To do: Copy the lines below exactly. Start at the first and finish with the line containing "NEW Leather One".

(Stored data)

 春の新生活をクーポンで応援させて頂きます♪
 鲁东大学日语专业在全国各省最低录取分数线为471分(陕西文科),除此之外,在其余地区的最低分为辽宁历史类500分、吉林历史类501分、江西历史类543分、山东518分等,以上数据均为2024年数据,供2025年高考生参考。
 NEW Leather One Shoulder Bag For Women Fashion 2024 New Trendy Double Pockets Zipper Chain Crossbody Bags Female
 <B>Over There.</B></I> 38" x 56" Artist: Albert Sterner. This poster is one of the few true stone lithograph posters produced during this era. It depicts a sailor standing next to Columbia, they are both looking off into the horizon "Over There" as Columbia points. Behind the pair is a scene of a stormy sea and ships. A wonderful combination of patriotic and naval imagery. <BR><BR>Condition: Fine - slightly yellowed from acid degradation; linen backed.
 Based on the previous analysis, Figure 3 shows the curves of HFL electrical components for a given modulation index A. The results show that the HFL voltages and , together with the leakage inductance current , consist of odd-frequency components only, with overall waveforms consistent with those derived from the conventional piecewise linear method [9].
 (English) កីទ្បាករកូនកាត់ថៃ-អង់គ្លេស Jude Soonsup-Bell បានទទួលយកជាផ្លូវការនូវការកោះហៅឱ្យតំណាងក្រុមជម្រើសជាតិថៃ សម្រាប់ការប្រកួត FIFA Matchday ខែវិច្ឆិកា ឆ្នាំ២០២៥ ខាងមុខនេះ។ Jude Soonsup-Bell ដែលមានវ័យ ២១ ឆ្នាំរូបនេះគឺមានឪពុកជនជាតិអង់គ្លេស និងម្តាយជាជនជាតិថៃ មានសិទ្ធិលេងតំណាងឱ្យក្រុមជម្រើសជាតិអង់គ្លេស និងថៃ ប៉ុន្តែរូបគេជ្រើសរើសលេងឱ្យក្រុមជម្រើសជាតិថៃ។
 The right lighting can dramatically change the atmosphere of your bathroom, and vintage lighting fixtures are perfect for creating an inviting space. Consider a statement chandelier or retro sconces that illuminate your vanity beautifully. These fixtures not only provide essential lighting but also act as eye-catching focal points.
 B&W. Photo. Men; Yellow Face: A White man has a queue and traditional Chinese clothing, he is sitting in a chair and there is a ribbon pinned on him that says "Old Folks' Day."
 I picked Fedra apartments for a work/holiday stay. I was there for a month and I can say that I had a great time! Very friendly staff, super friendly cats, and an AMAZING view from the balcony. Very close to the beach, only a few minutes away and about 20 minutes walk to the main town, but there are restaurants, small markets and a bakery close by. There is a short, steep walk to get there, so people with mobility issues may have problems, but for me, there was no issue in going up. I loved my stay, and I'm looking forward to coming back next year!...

Task answer:
 春の新生活をクーポンで応援させて頂きます♪
 鲁东大学日语专业在全国各省最低录取分数线为471分(陕西文科),除此之外,在其余地区的最低分为辽宁历史类500分、吉林历史类501分、江西历史类543分、山东518分等,以上数据均为2024年数据,供2025年高考生参考。
 NEW Leather One Shoulder Bag For Women Fashion 2024 New Trendy Double Pockets Zipper Chain Crossbody Bags Female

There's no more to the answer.